Report Items - Trading Signals Only
This is the reference number of the trading signal.
This is the zero-crossing count of the first derivative of the EM reference that seeks to match the trade count of the real-world signal. The EMZC and SigZC should match closely. Note that with real-world data, it is not always possible to realize the same trade count. Also, this is a minimization problem with local minima sometimes resulting in a less than optimal match. If the algorithm fails to match the zero-crossing count, you should assume a higher measure of error in the lag and coverage error estimates.
This is the count of sign changes in the user-defined trading signal. The EMZC and SigZC should match closely. Again, if the algorithm fails to match the zero-crossing count, you should assume a higher measure of error in the lag and coverage error estimates.

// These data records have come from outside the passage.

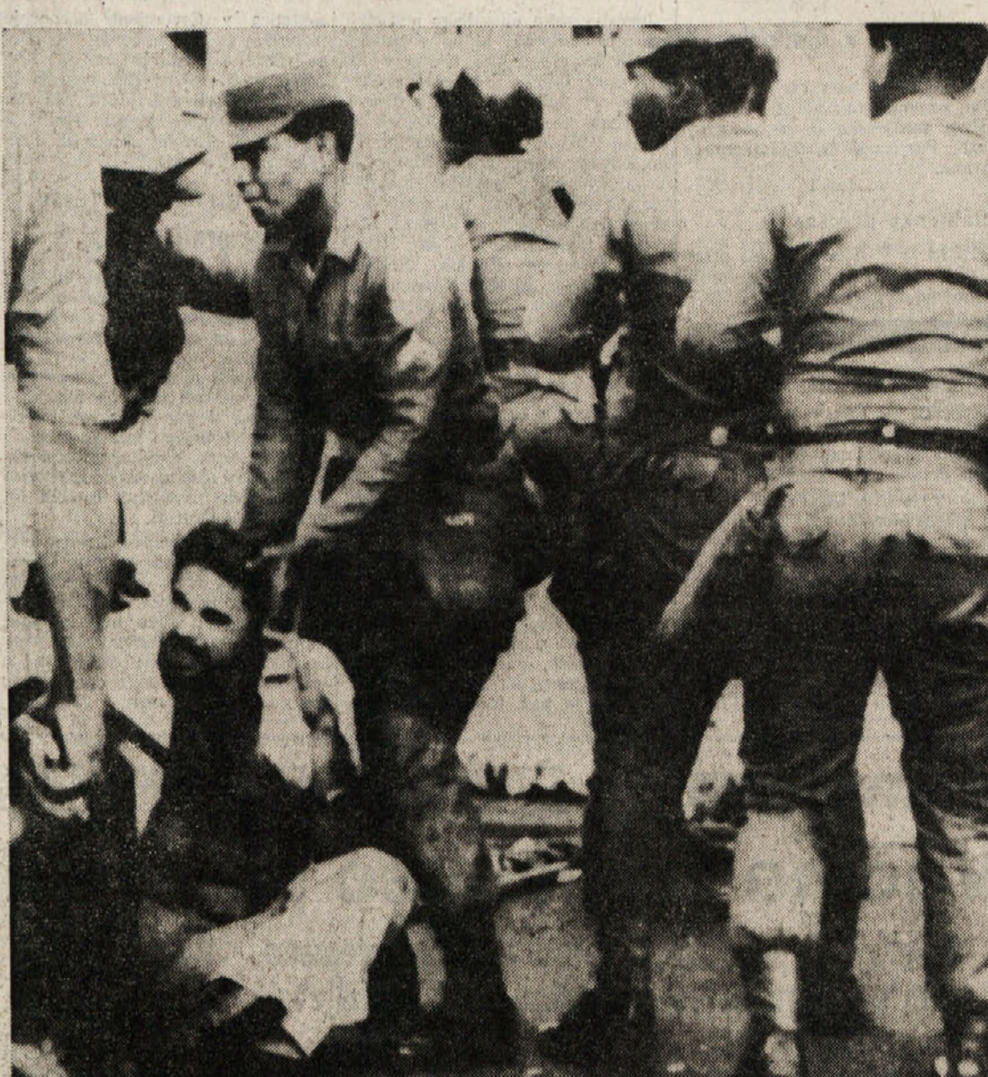
Panamski študentje s protestnimi manifestacijami zahtevajo šahov izgon. Vlada in policija pa sta drugo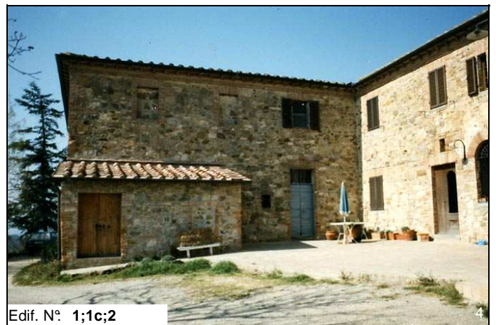
Edif. N° 1;1c;2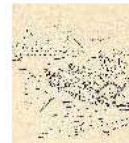
4.4 Dibujo de Olaguer Junyent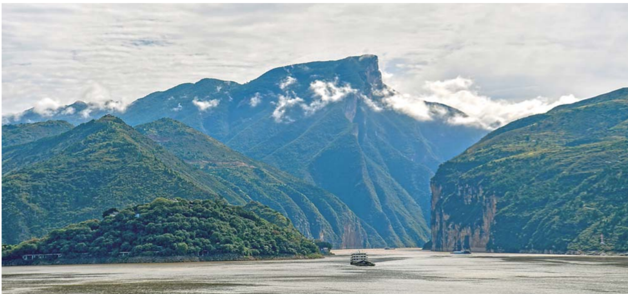
▲长江三峡瞿塘峡峡口的夔门。

“双晒”也在文化旅游业界引发不小的轰动。“重庆的双晒”是品牌营销、经济美学的经典创新范例，形成了强大的聚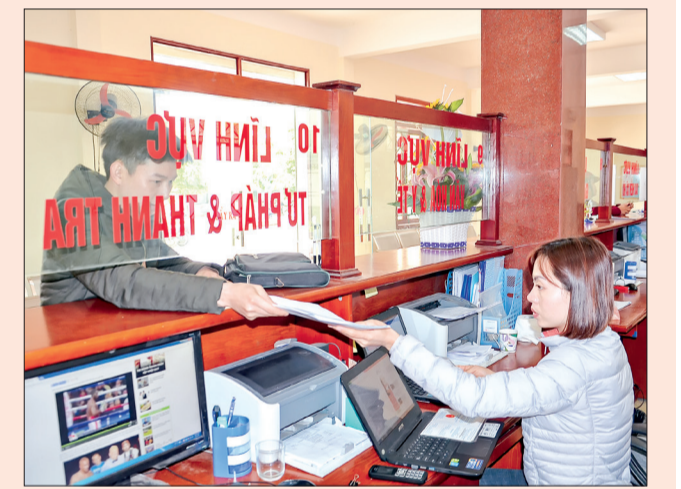
Đoàn viên công đoàn Trung tâm Hành chính công huyện Tiên Hải hướng dẫn người dân các thủ tục hành chính.

This is the average trade length of the EM signal taken mathematically from the zero-crossing data. Because of how trades are opened and closed in the backtest engine and the use of all available data in this computation, these values will not match the backtest values. The purpose is to give a more familiar item than the zero crossing count for comparing the effectiveness of the matching. Even if the trade counts (the ZC counts) perfectly match, there may be differences in the average trade lengths. The EMAvTLen and SigAvTLen should be reasonably close.
This is the average trade length of the user's trading signal taken mathematically from its sign changes. Again, the EMAvTLen and SigAvTLen should be reasonably close.
This is the lag estimate most users are familiar with. It accounts all points in two different time series and determines an estimate for the extent to which one is shifted in time from the other. A lag measurement caution is here for those instances where the similarity between the reference and trading signal is too poor for a valid analysis.
This is the lag estimate of all turning points in the signal. It is a robust mean of the lag measured at the extrema (both minima and maxima). The user signal is mapped point by point to the reference (EM) signal. For each turn in the EM signal, an algorithm searches within a given lag tolerance (based on the correlation lag) for a corresponding turn in the user-defined trading signal. If one is found, it is stored in a table of upside, downside, and all turns with the lag measured in each. Only those turns that coincide are accounted. These are robust averages that use the interior 68 percentile of the lags accumulated.
This is the robust SD of the lag values for all of the turns in the signal. It is the width of the interior 68 percentile bounds.
This is the lag estimate of the maxima turning points in the signal.
This is the robust SD of the lag values for the maxima turning points in the signal.
This is the lag estimate of the minima turning points in the signal.
This is the robust SD of the lag values for the minima turning points in the signal.
This is the coverage error of all turning points in the signal. It is reported as a percentage. When the user signal is mapped point by point to the reference (EM) signal, for each turn in the EM signal, an algorithm searches within a given lag tolerance (based on the correlation lag) for a corresponding turn in the user-defined trading signal. If one is found, the turn is deemed to be covered. There is no ability in the coverage or lag estimates to estimate trading signals that appear before the zero lag EM reference. If a trading signal can actually anticipate a turn before it is registered in the ideal zero-lag EM reference, that turn is not accounted in the coverage.